Uber vs Waymo: Uber settles Waymo lawsuit for $245 million
The deal brings the long-running case over self-driving trade secrets to an end
Uber will pay $245 million (177 million) in the form of company shares to Alphabet's Waymo after reaching a deal to settle a long-running lawsuit over the alleged theft of driverless car technology.
The warring companies struck a deal on a settlement last Friday, only the fifth day of testimony, bringing an end to a legal dispute that has plagued Uber since February last year. The settlement dictates that Uber will hand over a 0.34% equity stake to Alphabet's self-driving car unit.
On top of the fine, Uber has also agreed to not use any Waymo technology in its products, although Uber still maintains it never used trade secrets in its hardware or software.
The deal was reportedly the second attempt to settle the case, with Uber having already rejected a $500 million equity proposal from Google's parent company earlier in the week, according to sources speaking to Reuters.
The final settlement is also substantially lower than the $1 billion Waymo sought when the lawsuit was filed, and it also excludes the creation of an independent monitor to ensure trade secrets are not used.
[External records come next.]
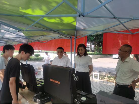 在活动现场,学院党委书记罗满,院长李哲与学生热情交流,询问绿色低碳新技术、新工艺、新设备的专业知识以及行业发展的最新动态,对参加活动学生志愿者的专业知识和技能水平给予肯定,并鼓励师生结合专业优势,加强理论与实践的结合,发挥聪明才智,开拓创新,践行“绿色低碳”,助力发展新质生产力,更好地服务社会,助推学校高质量发展。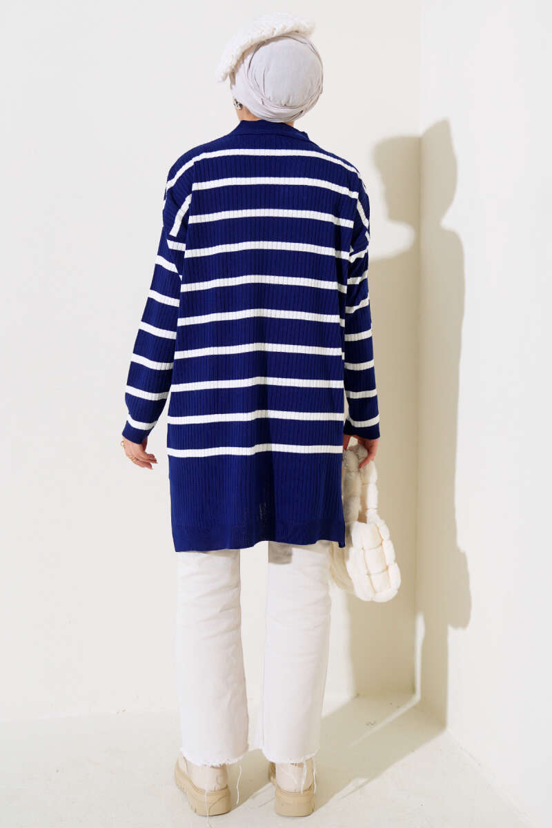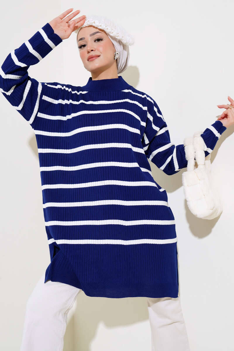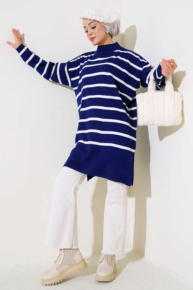 Fitilli Çizgili Salaş Triko Tunik Lacivert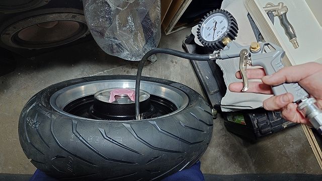 「パンッ、パンッ」と2回破裂音がして、ビード上げ完了です。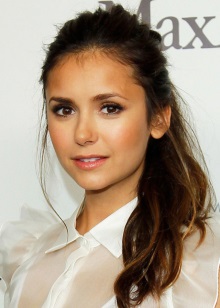 - No hairdryer or curling iron. If Nina Dobrev is not on the set, she dries her hair exclusively in a natural way. The curls need to be gently patted with a towel and wait until they dry out a little. After about 15-20 minutes, you can slightly comb them with a comb with rare teeth, asking them the direction and laying. You can use the massage brush only when the hair is completely dry.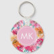 Der Girly Key Ring mit Monogramm weist ein Aquarellmuster und eine rosa und weiße Monogramm auf.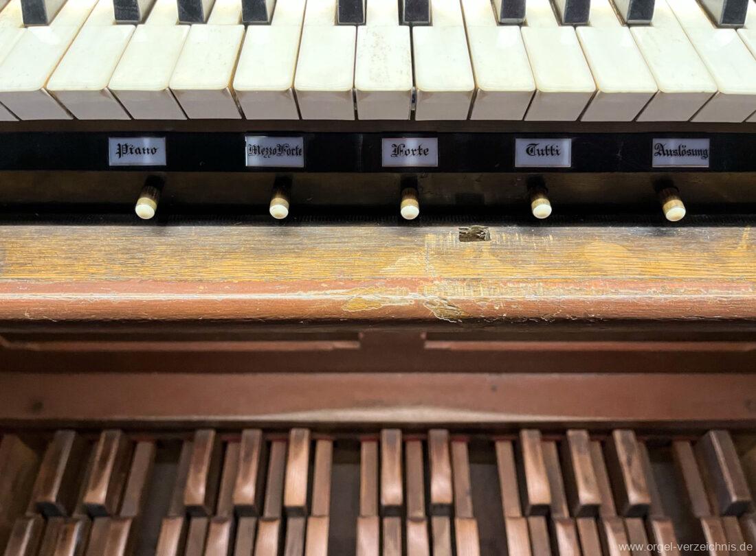 Druckknöpfe unter erstem Manual: Piano, MezzoForte, Forte, Tutti, Auslösung und OctavCopp – Auslösung als Schieber (Superkoppel I – nicht ausgebaut)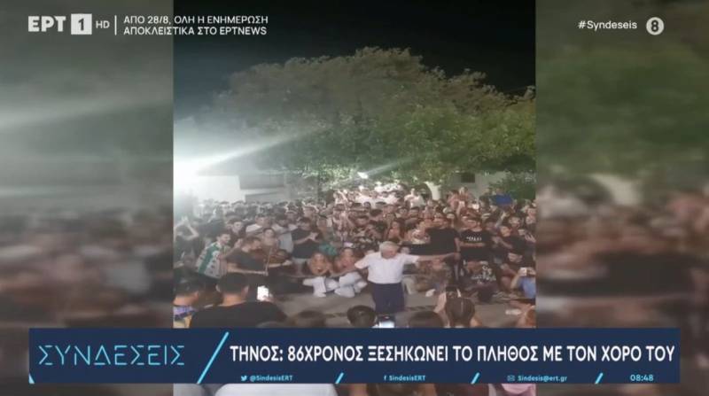 Viral έγινε στο διαδίκτυο ο 86χρονος κ. Αντώνης από την Τήνο που χόρεψε στο πανηγύρι της Καλλονής ζεϊμπέκικο και καταχειροκροτήθηκε.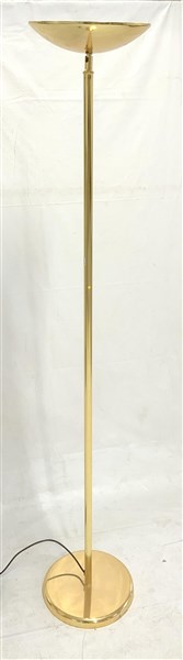 Lampada da terra con fusto e paralume in ottone. Italia, anni '70/'80. Recante etichetta adesiva del produttore. (h cm 184) (lievi difetti)
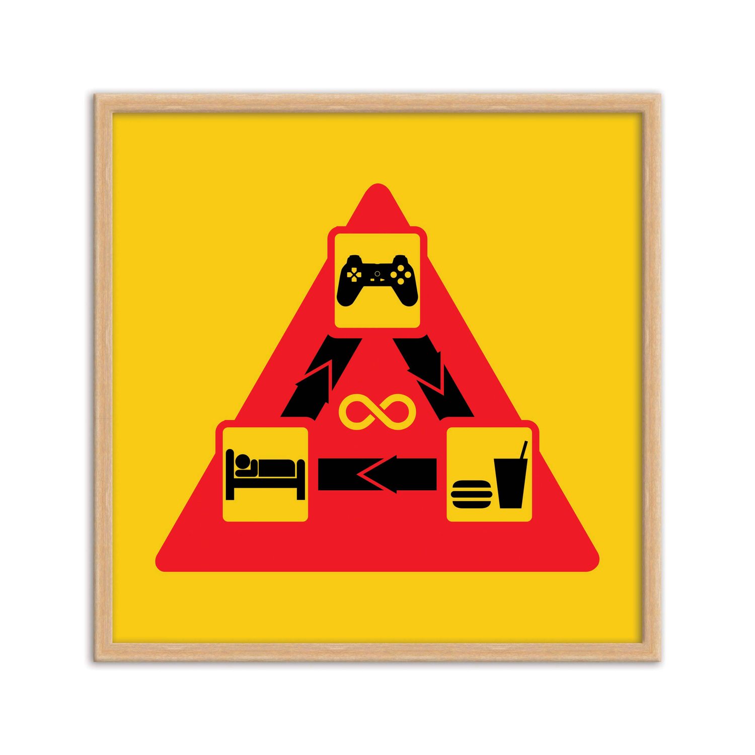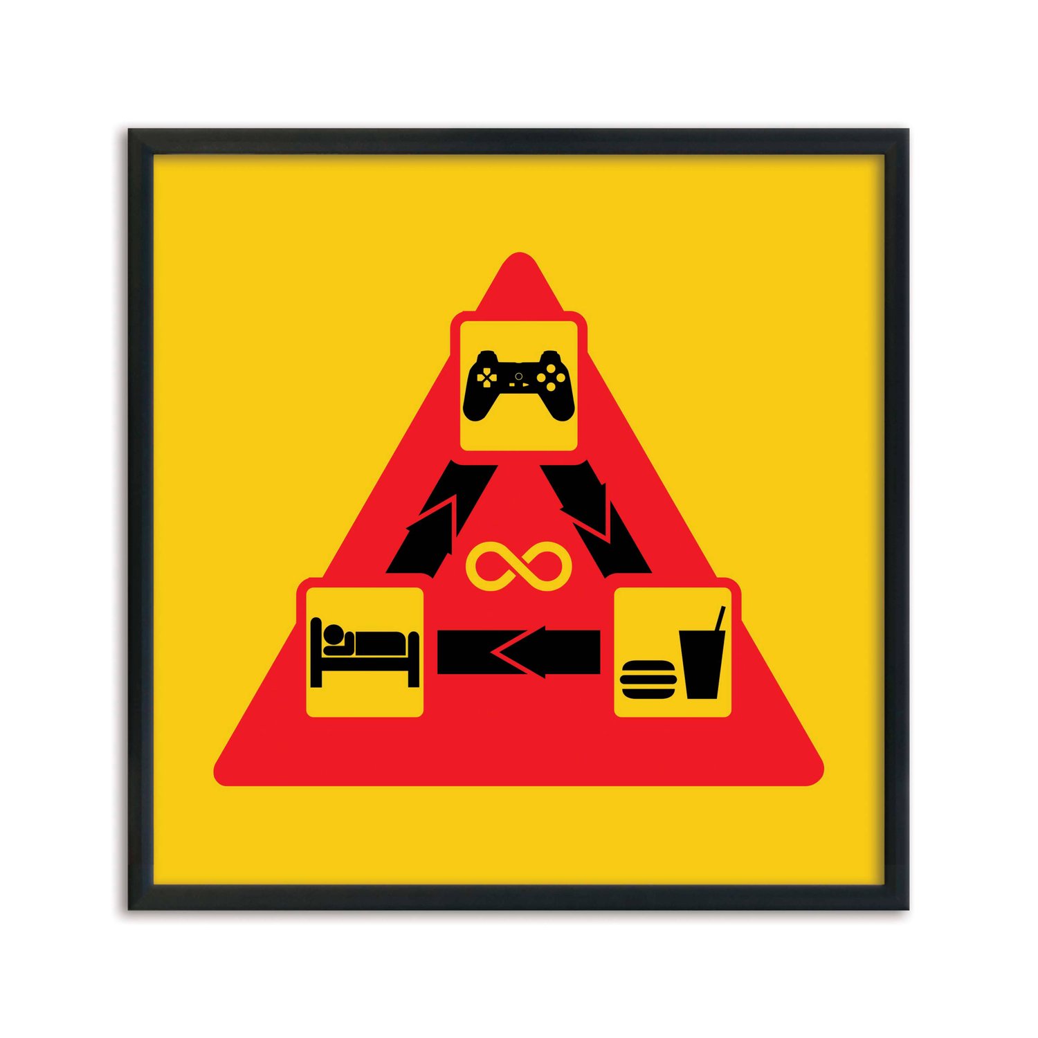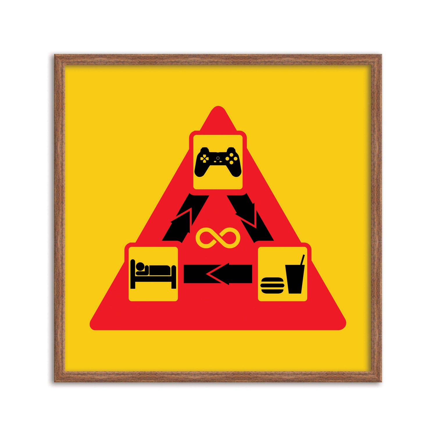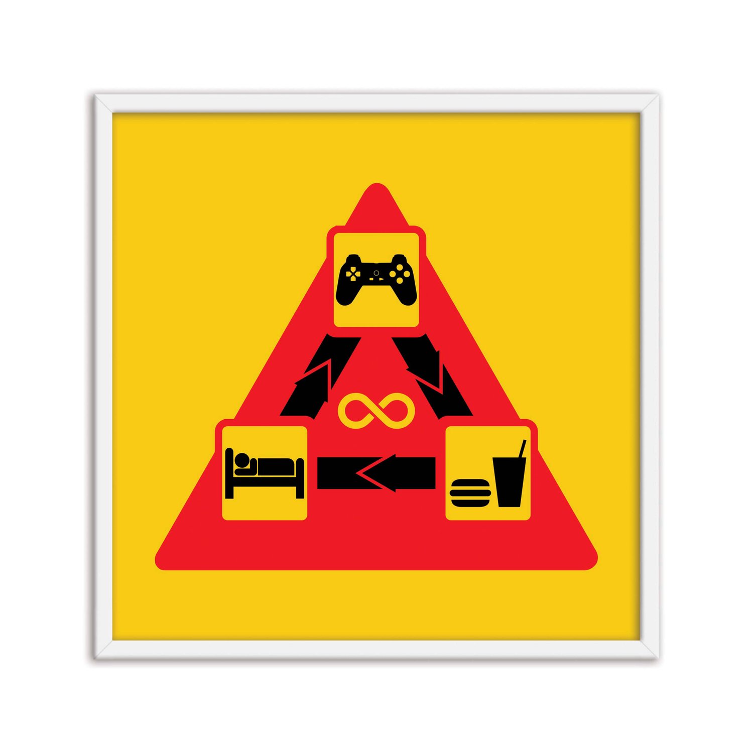 Quadro Decorativo Gamer Geek e Nerd Ciclo Infinito Jogar Comer Dormir Jogar

Waymo also initially sought a formal apology from Uber, which was rejected.
The case centred upon the alleged use of stolen industry secrets, thought to have been obtained after Uber bought self-driving tech startup Otto in 2016, founded by former Google engineer Anthony Levandowski.
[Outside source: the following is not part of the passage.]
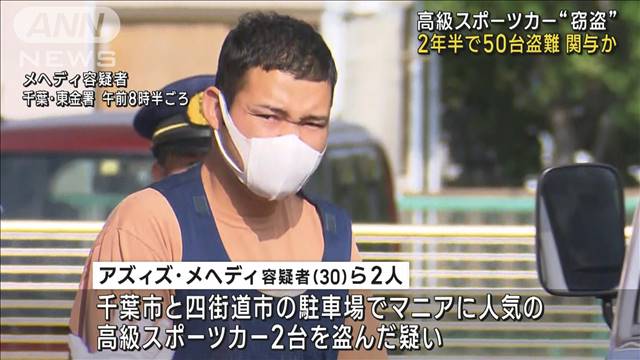 アフガニスタン国籍のアズィズ・メヘディ容疑者(30)ら2人は4月、仲間と共謀し、千葉市などの駐車場でマニアに人気の高級スポーツカー2台を盗んだ疑いが持たれています。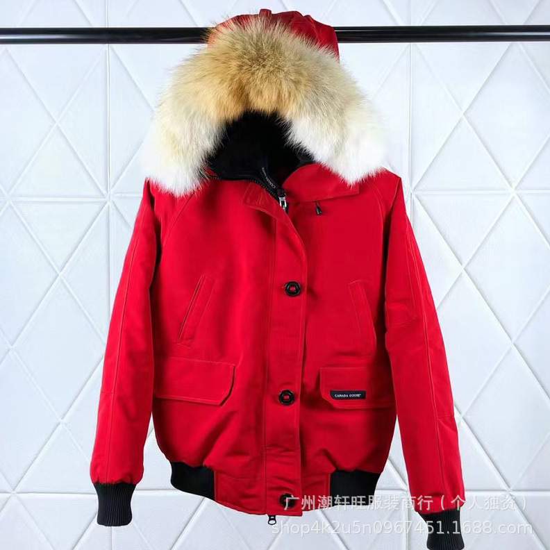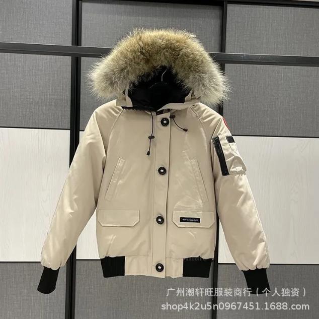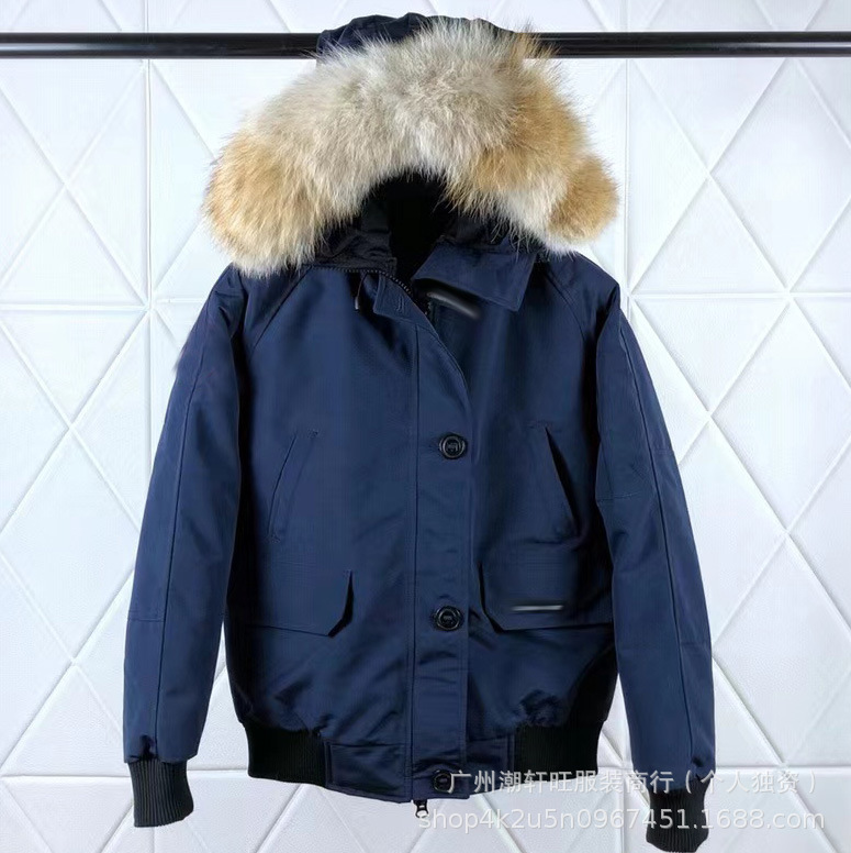 국경 간 무역 다운 재킷 캐나다 02 모델 여성용 숏 재킷 대형 늑대털 장식

Levandowksi is said to have taken 14,000 confidential documents with him when he left Google, secrets that Waymo alleged were then used to bolster Uber's self-driving research. While Uber acknowledged the existence of the documents, it always maintained that the information was never used as part of its designs, and that it had no idea as to how Levandowski obtained them.
The case has presented a significant obstacle to Uber's self-driving car research, which was pegged as being one of its most profitable future businesses and a means of diversifying the company.
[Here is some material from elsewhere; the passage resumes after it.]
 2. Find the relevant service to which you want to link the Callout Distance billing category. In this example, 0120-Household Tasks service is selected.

It also allows current CEO Dara Khosrowshahi to get past of one of the many hangovers from the Kalanick years, having already dealt with the fallout from allegations of systemic sexism within the company.
While Khosrowshahi has maintained that the documents were not used, he did admit the episode could have been handled better.
"To be clear, while we do not believe that any trade secrets made their way from Waymo to Uber, nor do we believe that Uber has used any of Waymo's proprietary information in its self-driving technology, we are taking steps with Waymo to ensure our Lidar and software represents just our good work," said the CEO, in a statement.
"To our friends at Alphabet: we are partners, you are an important investor in Uber, and we share a deep belief in the power of technology to change people's lives for the better. Of course, we are also competitors. And while we won't agree on everything going forward, we agree that Uber's acquisition of Otto could and should have been handled differently."
In a statement to CNBC, a Waymo spokesperson said that the company remained "committed to working with Uber to make sure that each company develops its own technology".
29/11/2017: The latest twist in the self-driving-car case between Alphabet's Waymo and Uber sees the latter accused of "impeding" investigations into the company.
Google's parent firm Alphabet has accused Uber's self-driving development division of stealing its designs, after hiring a former Waymo staffer.
A day before jury selection was set to start, the trial has now been pushed back again, after revelations of a letter detailing Uber's efforts to spy on its rivals. The 37-page letter was sent by a lawyer for Richard Jacobs, a former employee, to Angela Padilla, Uber's deputy general counsel in May or June.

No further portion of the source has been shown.